[AIM OF THE EXERCISE] Write out the listing from the line with "日本 十九世纪 九谷烧游园巡猎图盖罐一对" to the line with "广东省2024-2025学年部分学校高二上学期期中联合质量检测生物答案", both lines included, exactly and nothing beyond. Leave pictures out.

[SUPPLIED DATA]
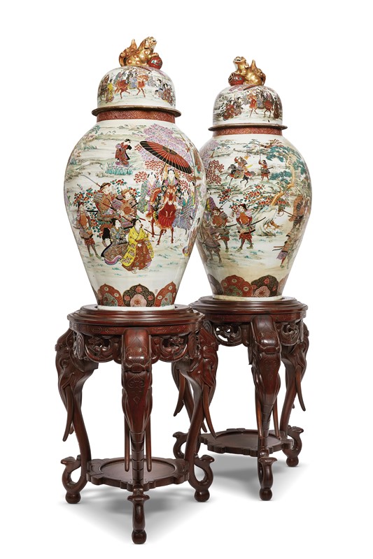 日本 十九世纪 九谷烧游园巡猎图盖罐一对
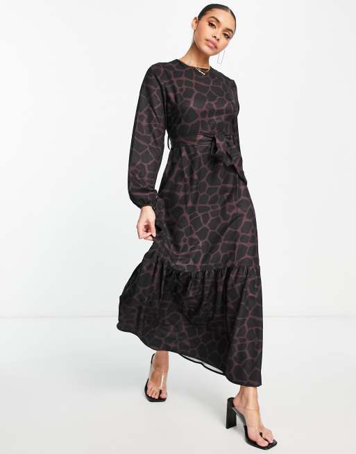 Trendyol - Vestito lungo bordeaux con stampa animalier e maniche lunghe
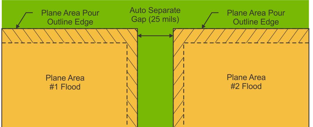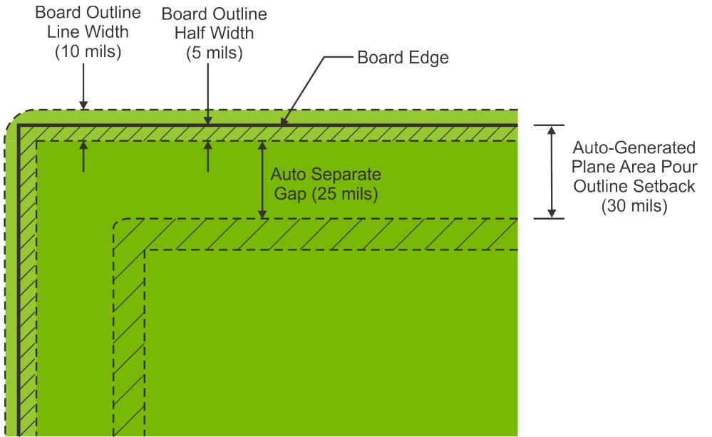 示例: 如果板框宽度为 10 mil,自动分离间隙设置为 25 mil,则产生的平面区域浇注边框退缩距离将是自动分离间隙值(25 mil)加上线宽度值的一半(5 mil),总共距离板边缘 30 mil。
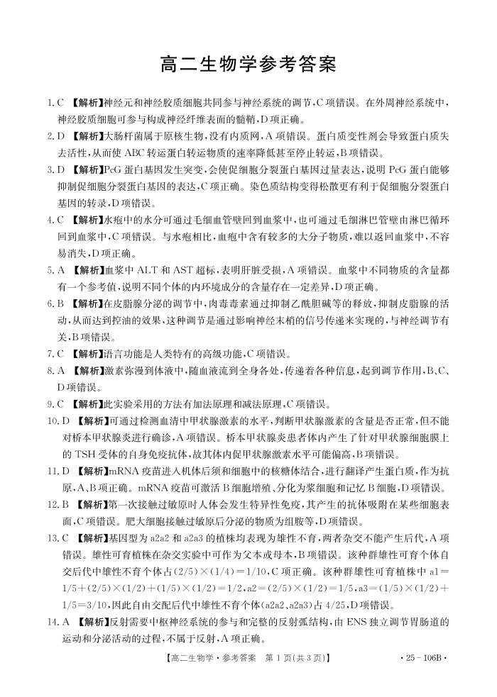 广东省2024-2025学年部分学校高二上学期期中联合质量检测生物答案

* * *

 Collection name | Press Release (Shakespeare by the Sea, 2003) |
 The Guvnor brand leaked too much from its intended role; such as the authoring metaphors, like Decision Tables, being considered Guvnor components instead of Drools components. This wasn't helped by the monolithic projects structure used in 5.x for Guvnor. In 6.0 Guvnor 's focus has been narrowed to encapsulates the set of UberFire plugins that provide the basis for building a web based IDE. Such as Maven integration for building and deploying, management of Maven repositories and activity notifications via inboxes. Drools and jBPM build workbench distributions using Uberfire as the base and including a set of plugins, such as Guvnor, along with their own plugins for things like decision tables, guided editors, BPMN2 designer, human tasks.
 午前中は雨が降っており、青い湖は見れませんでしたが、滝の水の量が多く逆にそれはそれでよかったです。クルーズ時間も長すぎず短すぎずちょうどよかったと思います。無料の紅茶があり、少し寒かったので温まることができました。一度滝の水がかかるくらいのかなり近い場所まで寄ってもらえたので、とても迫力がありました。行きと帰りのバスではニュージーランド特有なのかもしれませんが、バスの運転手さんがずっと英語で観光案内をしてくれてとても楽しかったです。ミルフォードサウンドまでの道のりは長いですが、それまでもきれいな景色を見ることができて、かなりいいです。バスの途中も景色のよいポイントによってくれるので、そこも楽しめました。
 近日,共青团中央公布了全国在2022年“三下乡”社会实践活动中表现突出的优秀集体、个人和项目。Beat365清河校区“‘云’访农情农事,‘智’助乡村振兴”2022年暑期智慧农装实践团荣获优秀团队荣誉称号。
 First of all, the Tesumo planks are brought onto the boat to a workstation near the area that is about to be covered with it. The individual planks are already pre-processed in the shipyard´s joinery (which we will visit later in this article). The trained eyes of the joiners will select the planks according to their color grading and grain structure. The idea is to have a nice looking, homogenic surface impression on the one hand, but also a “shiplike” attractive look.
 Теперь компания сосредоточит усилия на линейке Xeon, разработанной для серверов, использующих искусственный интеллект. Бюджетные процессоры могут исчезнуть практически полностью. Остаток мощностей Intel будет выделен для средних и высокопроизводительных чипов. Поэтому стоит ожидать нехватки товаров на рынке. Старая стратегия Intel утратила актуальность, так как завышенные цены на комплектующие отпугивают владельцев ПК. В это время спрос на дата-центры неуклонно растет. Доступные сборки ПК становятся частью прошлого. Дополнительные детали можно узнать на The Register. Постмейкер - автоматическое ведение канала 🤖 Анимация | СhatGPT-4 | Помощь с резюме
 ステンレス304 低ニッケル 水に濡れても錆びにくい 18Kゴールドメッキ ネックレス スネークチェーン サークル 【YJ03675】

[ANSWER]
 日本 十九世纪 九谷烧游园巡猎图盖罐一对
 Trendyol - Vestito lungo bordeaux con stampa animalier e maniche lunghe
 示例: 如果板框宽度为 10 mil,自动分离间隙设置为 25 mil,则产生的平面区域浇注边框退缩距离将是自动分离间隙值(25 mil)加上线宽度值的一半(5 mil),总共距离板边缘 30 mil。
 广东省2024-2025学年部分学校高二上学期期中联合质量检测生物答案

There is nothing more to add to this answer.